British banks must shore up capital -- BoE

banking

BRITAIN'S banks should build up their capital buffers even further as increased insurance against an "exceptionally threatening" environment still dominated by the eurozone debt crisis, the Bank of England (BoE) said yesterday.

Banks needed to maintain lending to the real economy, but should restrain dividends and bonuses -- and possibly even issue new shares -- to build up these capital levels further, the BoE's interim Financial Policy Committee (FPC) said.

"It is sensible to raise the capital buffer further to improve resilience in light of the continuing threat to UK financial stability," BoE governor Mervyn King told a news conference.

He avoided setting specific capital ratio targets so as not to prompt banks to comply by selling off units or ending loans to businesses in order to push the ratio higher.

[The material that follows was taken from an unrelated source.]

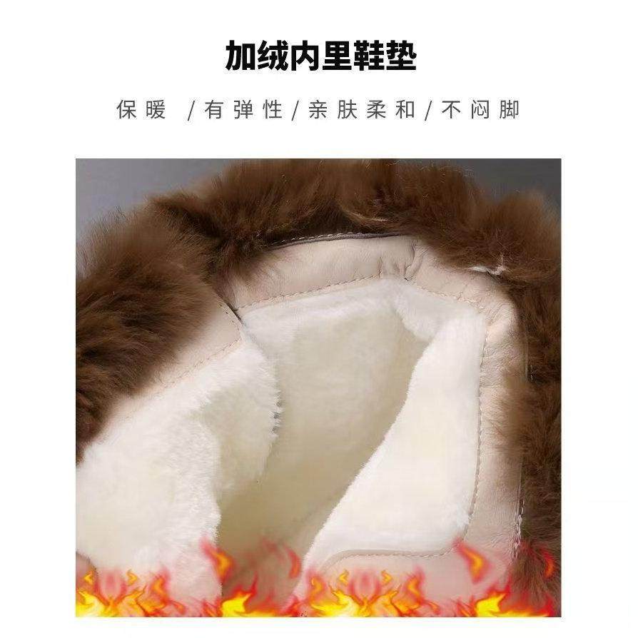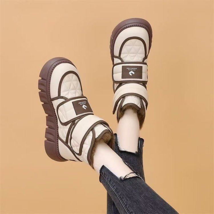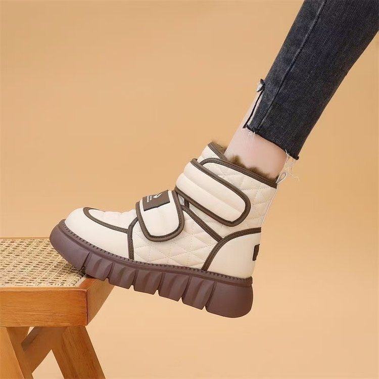 休闲风厚底短靴女冬季加绒保暖防滑时装靴黑色短筒魔术贴橡胶底靴

In the recent "stress test" of EU banks, UK lenders were not asked to raise any extra capital but the BoE remains cautious.

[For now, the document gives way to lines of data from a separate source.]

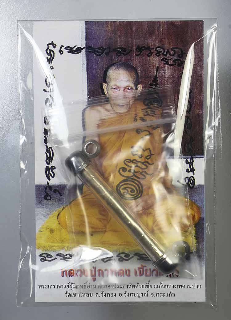 วัดใจ**เครื่องราง ตะกรุดปลดหนี้หรือตะกรุดกันผี กันคุณไสย แผ่นเงิน จารยันต์ด้วยมือ หลวงปู่กาหลง เขี้ยวแก้ว ความยาว 4 ซม. ใส่หลอด...พร้อมซองเดิมๆครับ |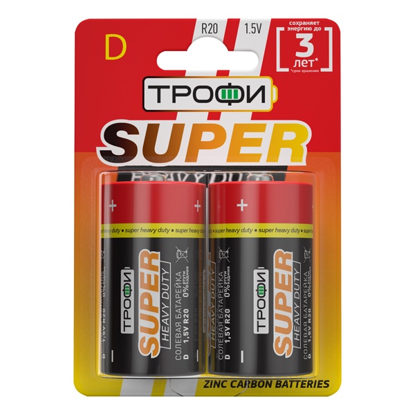 Элемент питания солевой D/R20-2BL (блист.2шт) Трофи Б0023143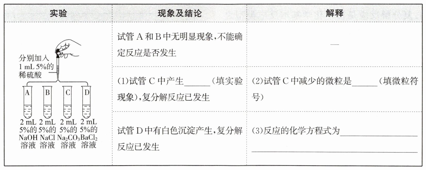 。【质疑】从微观角度思考,上述复分解反应的实质是什么?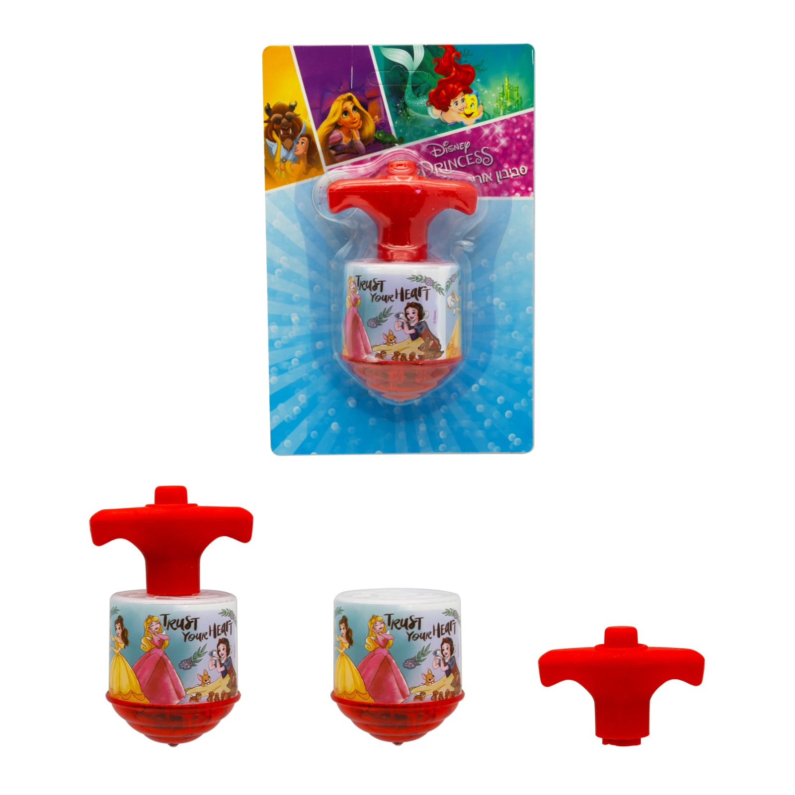 על גבי הסביבון מופיעות הנסיכות האהובות: בל, סינדרלה, אריאל ורפונזל – כולן יחד בחגיגה צבעונית אחת!

"There is no simple answer to how much capital banks need to retain confidence," Mr King said. Bolstering buffers would help restore investor confidence and thereby cut the cost of rolling over the large sums of debt maturing in the first half of 2012, he added.

Hector Sants, chief executive of the Financial Services Authority (FSA), told the news conference that banks would have to present their forward capital funding and bonus plans to make sure they were compatible with FSA objectives.

"They have to preset those plans to the FSA before distributing any bonuses,"Mr Sants said.

The ring-fencing of retail arms of UK banks with dedicated capital cushions, a core recommendation of the recent Vickers Commission which set a 2019 deadline, should also be implemented as soon as possible, Mr King said.

Angela Knight, chief executive of the British Bankers' Association, said: "We agree with the governor's analysis that the UK's banks are better capitalised than many of their continental peers, and further strengthening of their finances is continuing."

And in a sign that the FPC does not trust how banks report how indebted they are, it recommends that they be ordered to publish leverage ratios from the start of 2013, two years earlier than international rules require.

The interim FPC issued its first recommendations in June. Currently it only has an advisory role, but new laws are expected to make it Britain's top financial regulation body from the start of 2013.

Its role is to plug a pre-crisis gap by taking a broader view of risks to financial stability and ordering specific actions.

The FPC said the eurozone debt crisis remained the top threat to Britain's banking system.